Requirement - The material below includes pictures; leave them out and return only the lines between the line containing "Uniform modell 1939" and the line containing "Floral morphology of", inclusive, word for word.

[Material provided Boundary: Start]

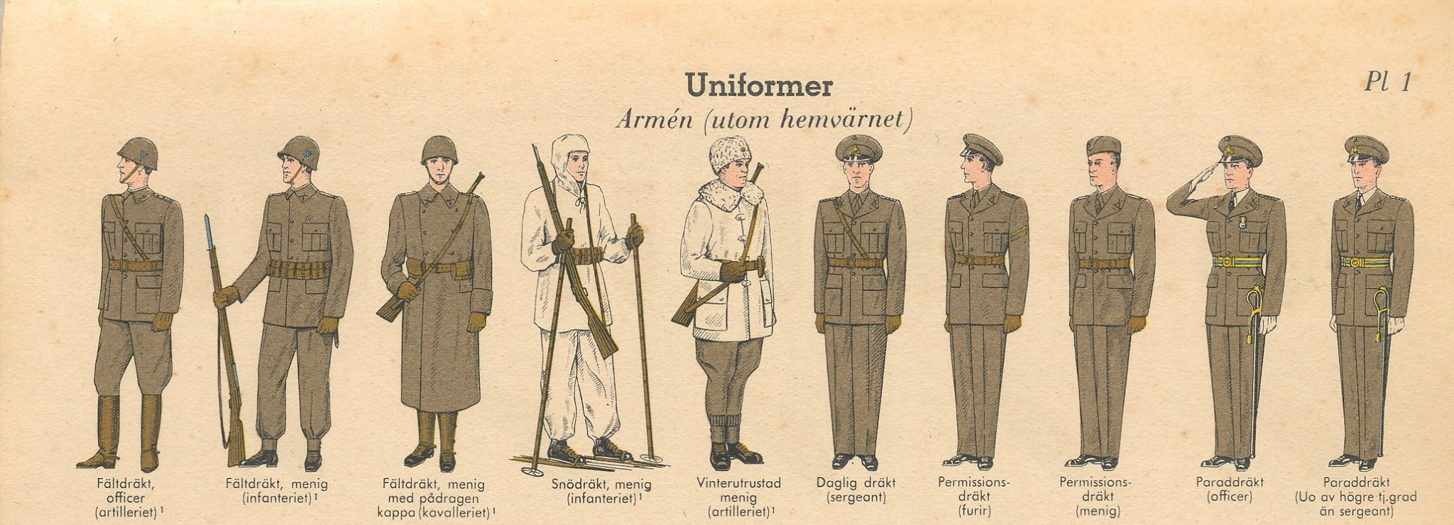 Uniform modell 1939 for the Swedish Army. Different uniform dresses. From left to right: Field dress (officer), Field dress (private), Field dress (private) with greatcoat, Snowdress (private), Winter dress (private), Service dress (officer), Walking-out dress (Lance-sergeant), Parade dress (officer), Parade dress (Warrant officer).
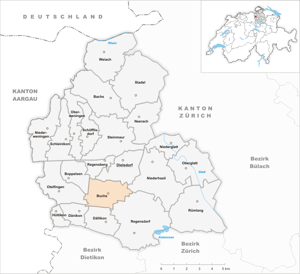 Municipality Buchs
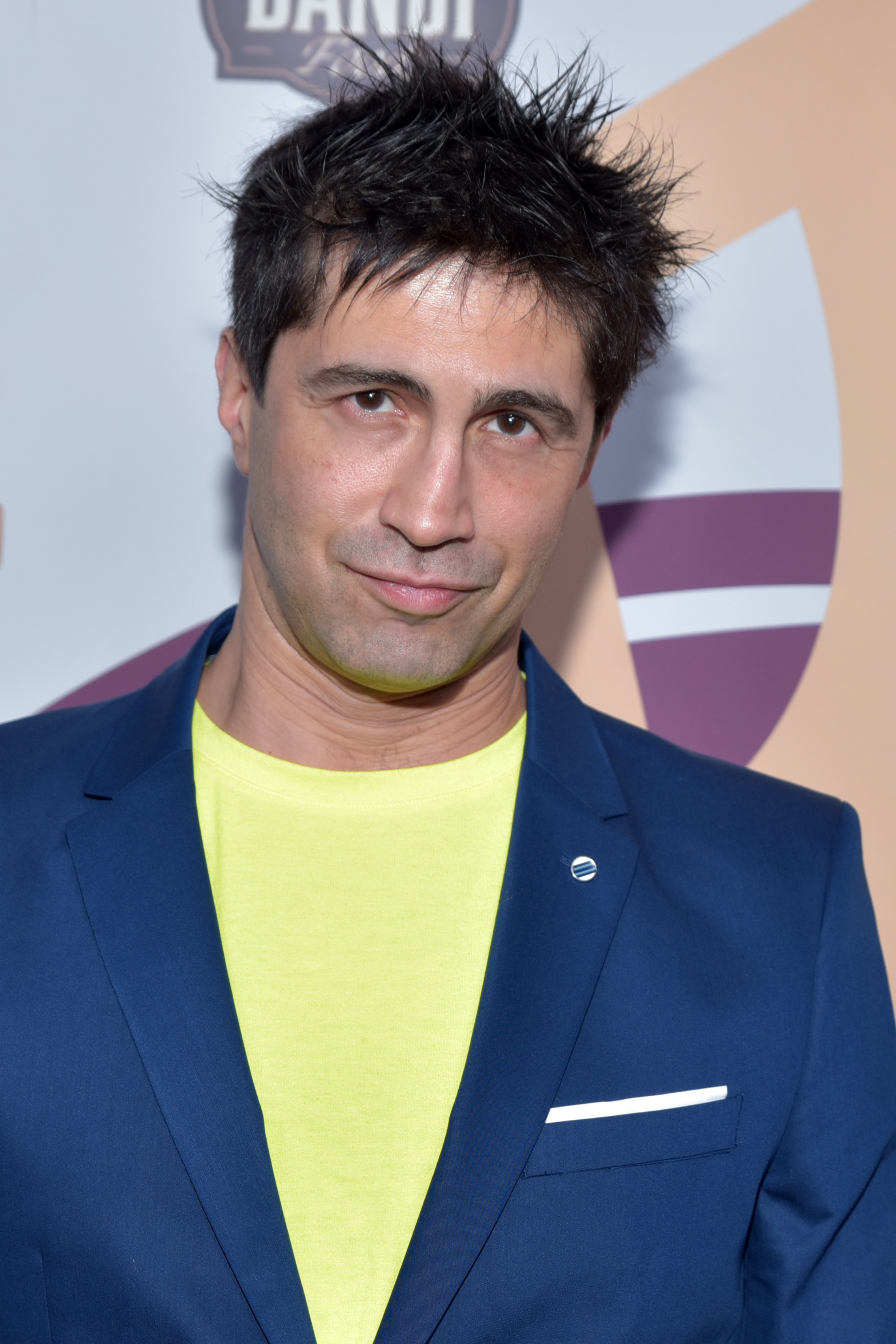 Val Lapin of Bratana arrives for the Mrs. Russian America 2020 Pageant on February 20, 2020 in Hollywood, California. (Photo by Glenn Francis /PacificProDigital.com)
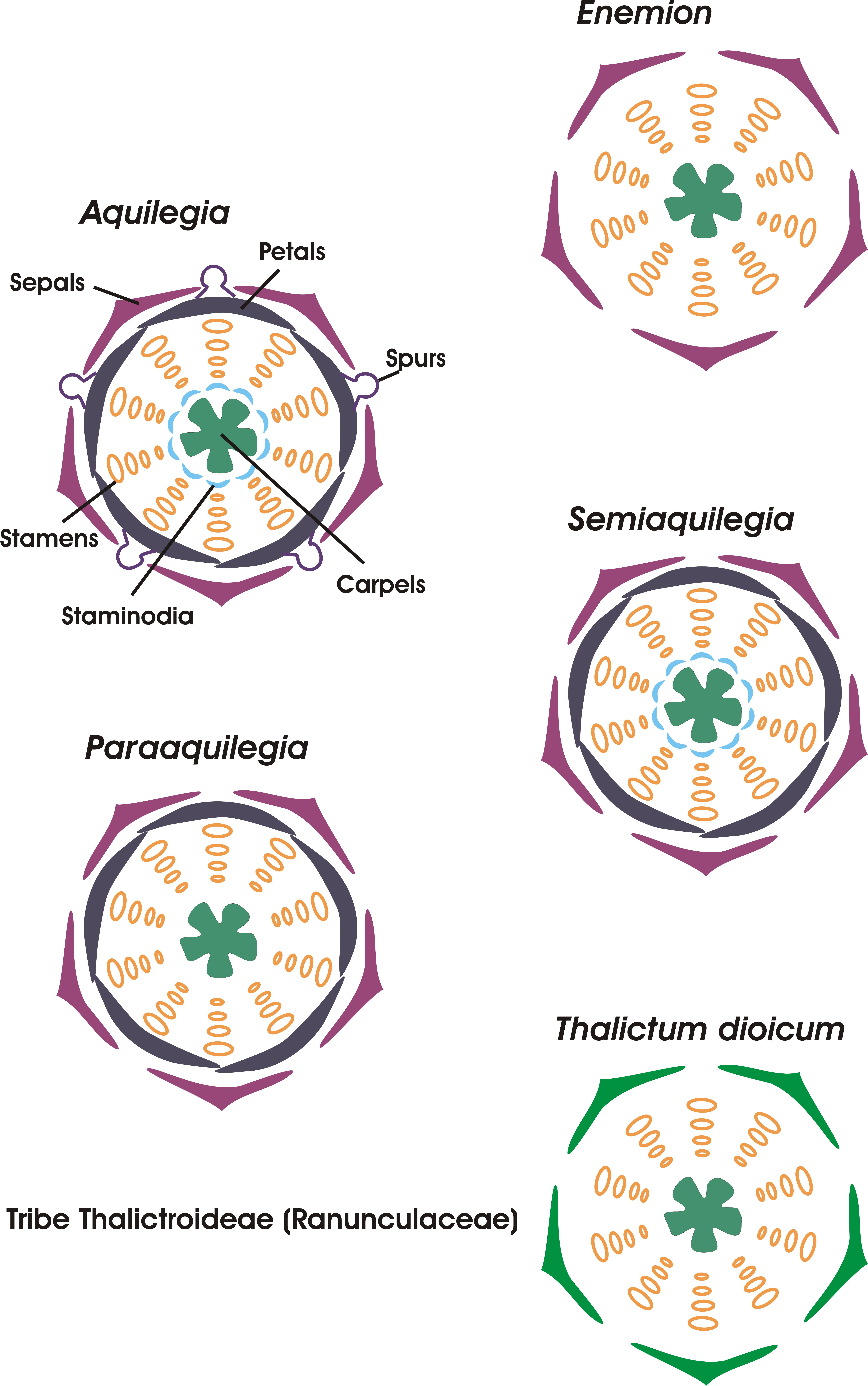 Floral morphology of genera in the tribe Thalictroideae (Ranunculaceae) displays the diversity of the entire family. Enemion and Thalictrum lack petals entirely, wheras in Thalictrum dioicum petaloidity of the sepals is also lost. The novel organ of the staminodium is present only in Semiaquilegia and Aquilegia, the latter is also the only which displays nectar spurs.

[Material provided Boundary: End]
[Material provided Boundary: Start]

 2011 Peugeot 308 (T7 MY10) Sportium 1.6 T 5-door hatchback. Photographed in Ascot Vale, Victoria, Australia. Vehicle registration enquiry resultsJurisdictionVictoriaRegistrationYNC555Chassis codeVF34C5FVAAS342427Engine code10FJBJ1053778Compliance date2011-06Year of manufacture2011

[Material provided Boundary: End]
[Material provided Boundary: Start]

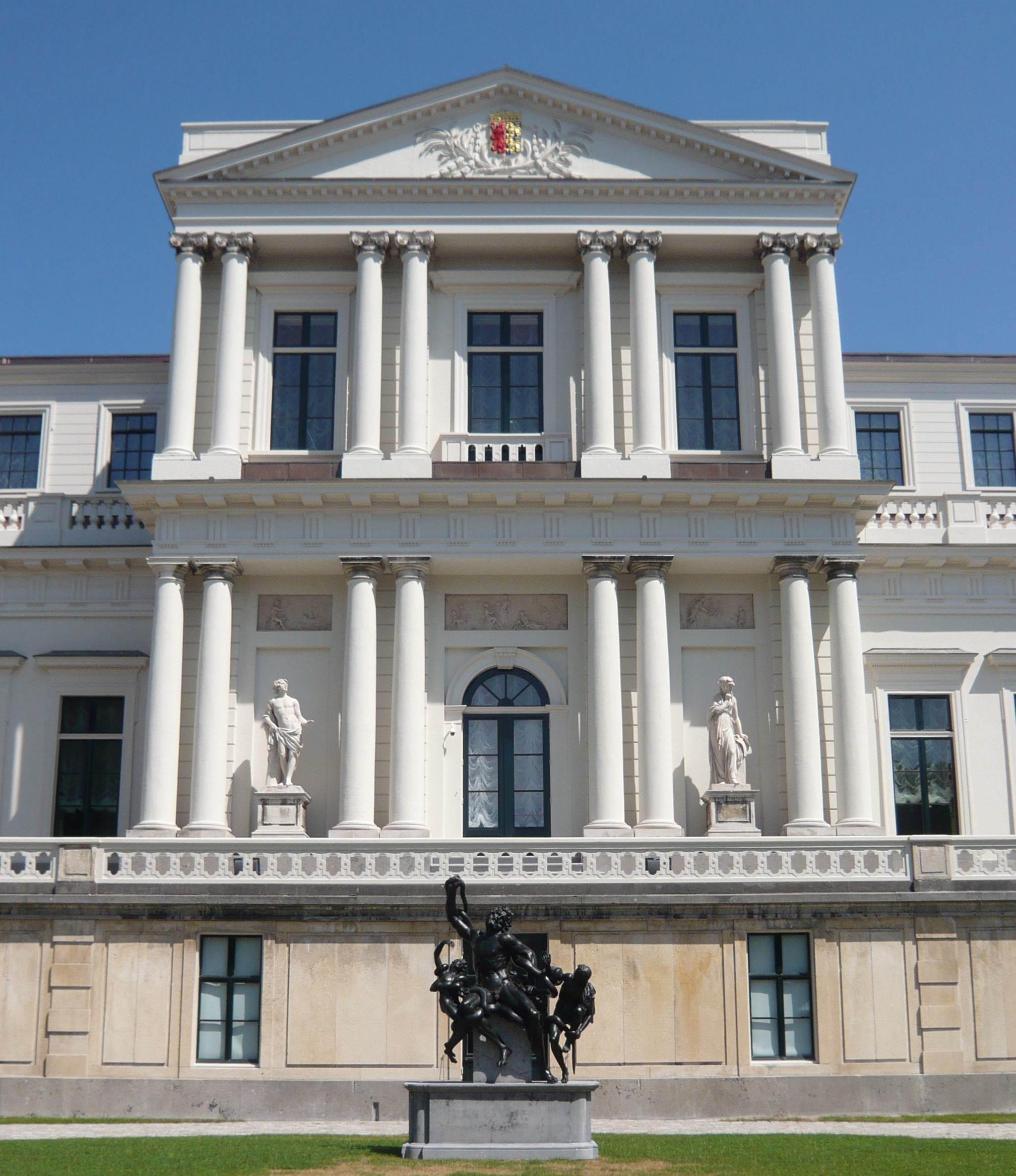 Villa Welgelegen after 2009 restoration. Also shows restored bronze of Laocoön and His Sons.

[Material provided Boundary: End]

Reply to the exercise -
 Uniform modell 1939 for the Swedish Army. Different uniform dresses. From left to right: Field dress (officer), Field dress (private), Field dress (private) with greatcoat, Snowdress (private), Winter dress (private), Service dress (officer), Walking-out dress (Lance-sergeant), Parade dress (officer), Parade dress (Warrant officer).
 Municipality Buchs
 Val Lapin of Bratana arrives for the Mrs. Russian America 2020 Pageant on February 20, 2020 in Hollywood, California. (Photo by Glenn Francis /PacificProDigital.com)
 Floral morphology of genera in the tribe Thalictroideae (Ranunculaceae) displays the diversity of the entire family. Enemion and Thalictrum lack petals entirely, wheras in Thalictrum dioicum petaloidity of the sepals is also lost. The novel organ of the staminodium is present only in Semiaquilegia and Aquilegia, the latter is also the only which displays nectar spurs.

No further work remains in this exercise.